The authors use LLaMA-3.1-8B-Instruct and GPT-4o mini as generators under varying decoding temperatures to synthesize data, finding that LLaMA-3.1-8B-Instruct consistently outperforms GPT-4o mini across all settings. Performance peaks at a moderate temperature of 0.8, suggesting that neither overly conservative nor excessively random decoding yields optimal results. Results indicate that generator alignment with the backbone model and controlled stochasticity are key to producing high-quality synthetic data.

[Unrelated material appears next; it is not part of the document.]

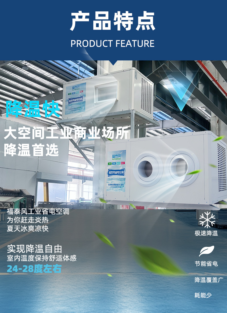 省電同時(shí)覆蓋面積比傳統(tǒng)空調(diào)面積大3倍,安裝便捷,維護(hù)便捷。受到工業(yè)商業(yè)場所降溫的青睞!

The authors use coverage-guided synthetic data to fine-tune language models and observe consistent performance gains across multiple tasks, including Reward Modeling, where their method achieves the highest average accuracy. Results show that explicitly targeting missing features identified by sparse autoencoders leads to more reliable improvements than generic data synthesis approaches. The framework’s effectiveness is further supported by strong correlations between feature coverage and downstream performance, indicating that task-relevant feature activation drives model gains more than surface-level diversity or sample count.

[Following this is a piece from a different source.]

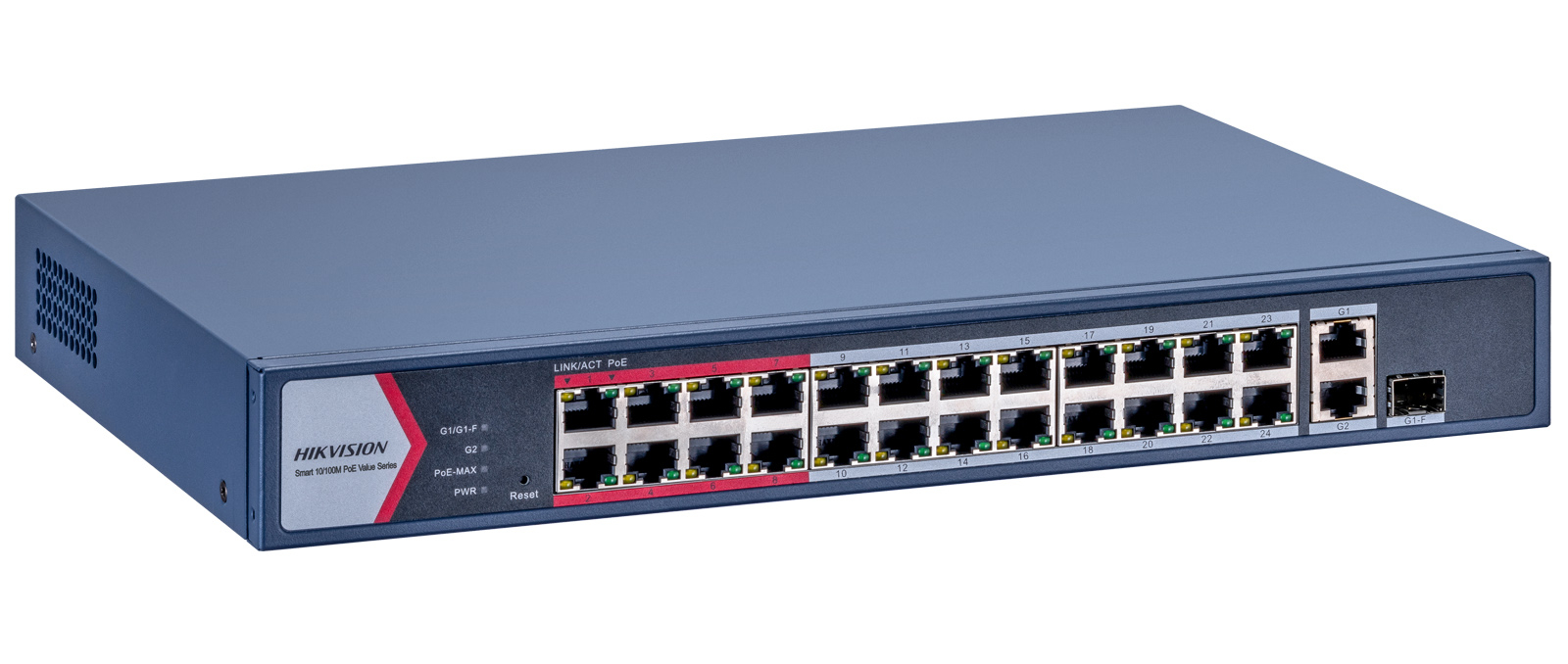 HIKVISION DS-3E1326P-EI/M : Управляем 26 портов суич с 24x10/100 Mbps PoE порта + 1x10/100/1000 Mbps RJ45 uplink порт + 1x10/100/1000 Mbps RJ45 combo порт (RJ45 и SFP). Общ PoE бюджет 230 W

The authors use a coverage-guided synthetic data framework that targets missing features identified by sparse autoencoders, and results show it consistently outperforms both human-annotated and other LLM-synthesized baselines across multiple tasks. Performance gains are strongly correlated with the degree of feature coverage rather than sample count or generic diversity metrics, indicating that activating task-relevant internal representations is the primary driver of improvement. The method also demonstrates transferability across model families, with features from one model effectively enhancing others, even when the source model has weaker baseline performance.

The authors use coverage of SAE-identified missing features to guide synthetic data generation, and results show that increasing feature coverage consistently improves model performance across all evaluated tasks. Performance gains are more strongly tied to the breadth of feature coverage than to the total number of synthetic samples generated. This indicates that targeting specific latent task-relevant features is a more effective strategy for data synthesis than generic expansion or volume-based approaches.